Write out every line below again exactly as it stands, skipping each image.

- [Supplied material]:
════════════════

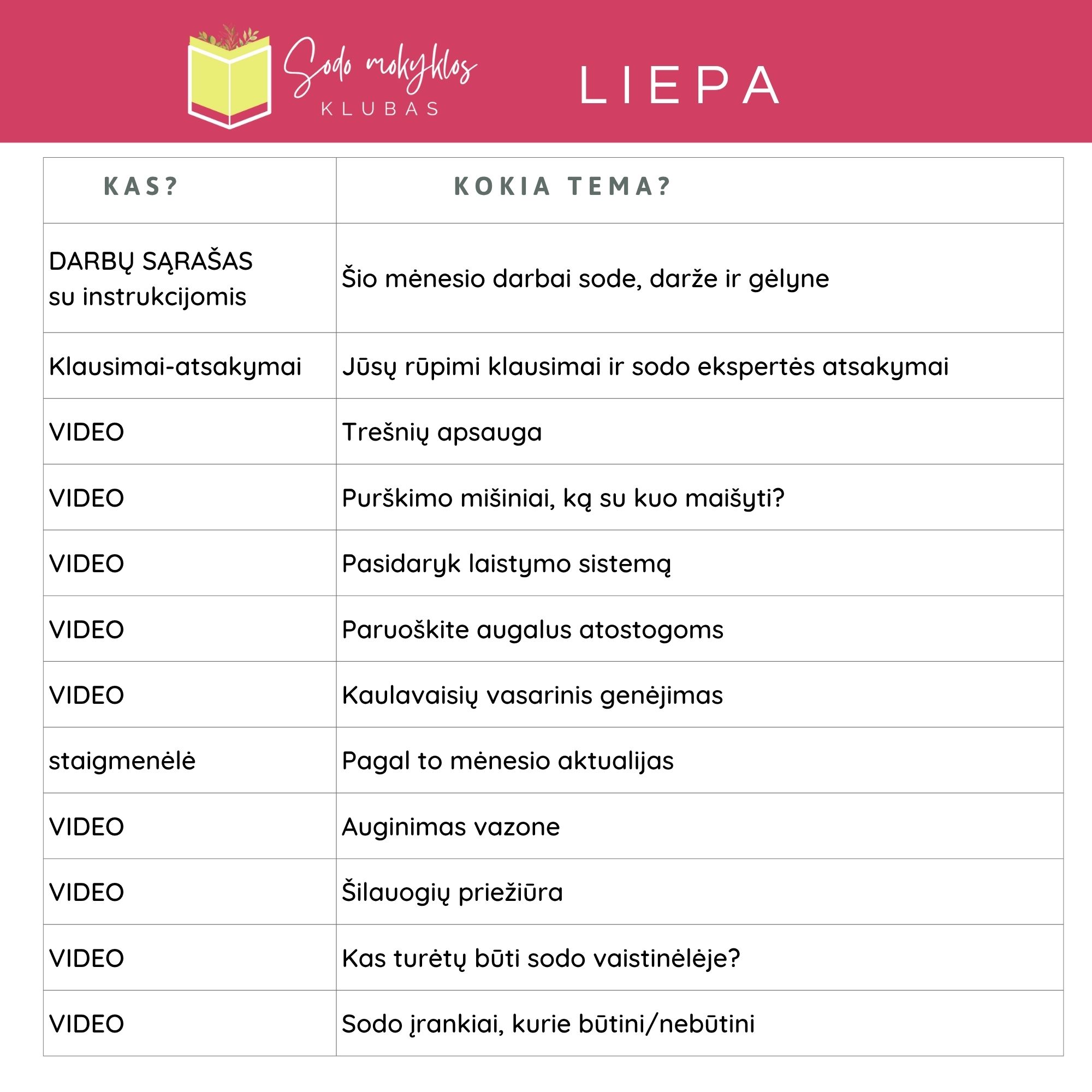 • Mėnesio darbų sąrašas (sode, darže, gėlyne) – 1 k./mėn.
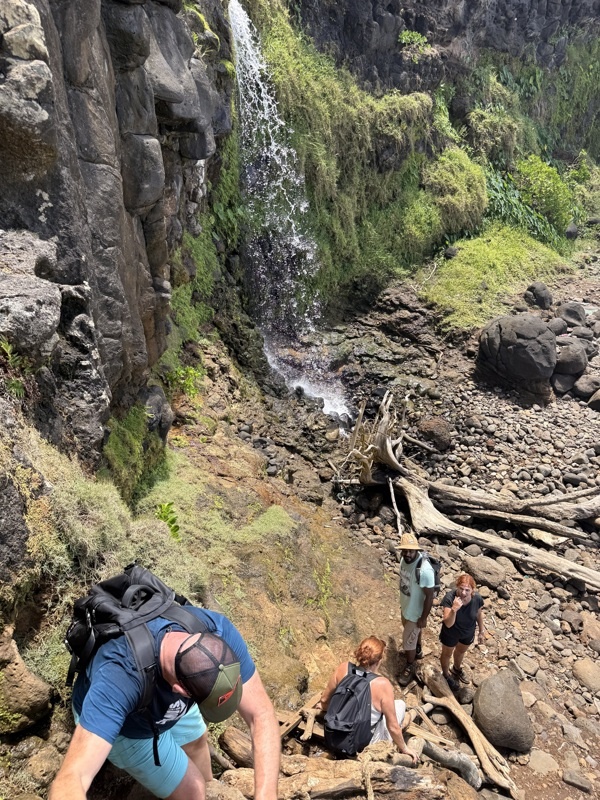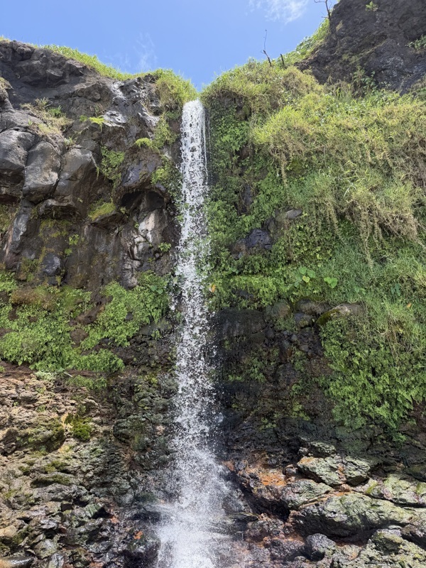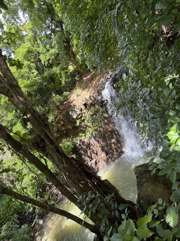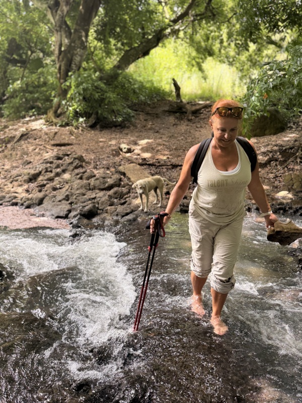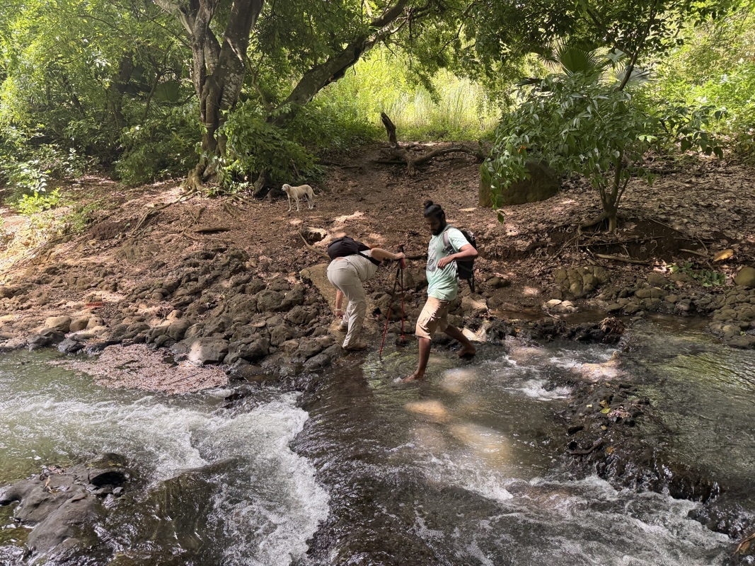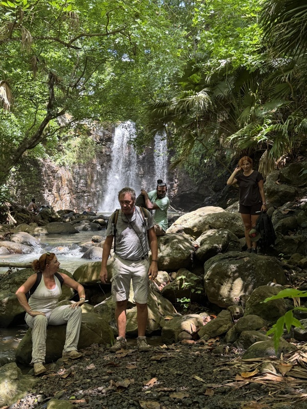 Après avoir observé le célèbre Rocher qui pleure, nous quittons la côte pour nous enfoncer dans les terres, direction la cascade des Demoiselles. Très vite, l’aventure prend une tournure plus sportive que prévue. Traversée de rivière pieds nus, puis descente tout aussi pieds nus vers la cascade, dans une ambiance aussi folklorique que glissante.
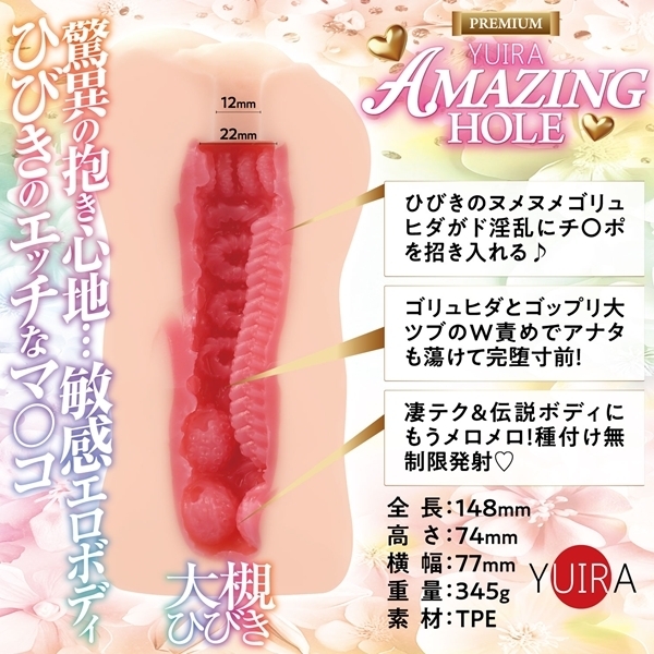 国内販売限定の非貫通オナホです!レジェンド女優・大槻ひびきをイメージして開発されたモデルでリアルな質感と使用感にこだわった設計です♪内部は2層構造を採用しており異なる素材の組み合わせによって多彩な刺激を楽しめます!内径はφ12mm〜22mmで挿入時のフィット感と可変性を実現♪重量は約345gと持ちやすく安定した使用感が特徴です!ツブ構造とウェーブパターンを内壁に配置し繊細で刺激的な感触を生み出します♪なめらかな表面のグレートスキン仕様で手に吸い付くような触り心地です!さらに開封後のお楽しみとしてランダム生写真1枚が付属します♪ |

════════════════

- [Finished exercise]:
 • Mėnesio darbų sąrašas (sode, darže, gėlyne) – 1 k./mėn.
 Après avoir observé le célèbre Rocher qui pleure, nous quittons la côte pour nous enfoncer dans les terres, direction la cascade des Demoiselles. Très vite, l’aventure prend une tournure plus sportive que prévue. Traversée de rivière pieds nus, puis descente tout aussi pieds nus vers la cascade, dans une ambiance aussi folklorique que glissante.
 国内販売限定の非貫通オナホです!レジェンド女優・大槻ひびきをイメージして開発されたモデルでリアルな質感と使用感にこだわった設計です♪内部は2層構造を採用しており異なる素材の組み合わせによって多彩な刺激を楽しめます!内径はφ12mm〜22mmで挿入時のフィット感と可変性を実現♪重量は約345gと持ちやすく安定した使用感が特徴です!ツブ構造とウェーブパターンを内壁に配置し繊細で刺激的な感触を生み出します♪なめらかな表面のグレートスキン仕様で手に吸い付くような触り心地です!さらに開封後のお楽しみとしてランダム生写真1枚が付属します♪ |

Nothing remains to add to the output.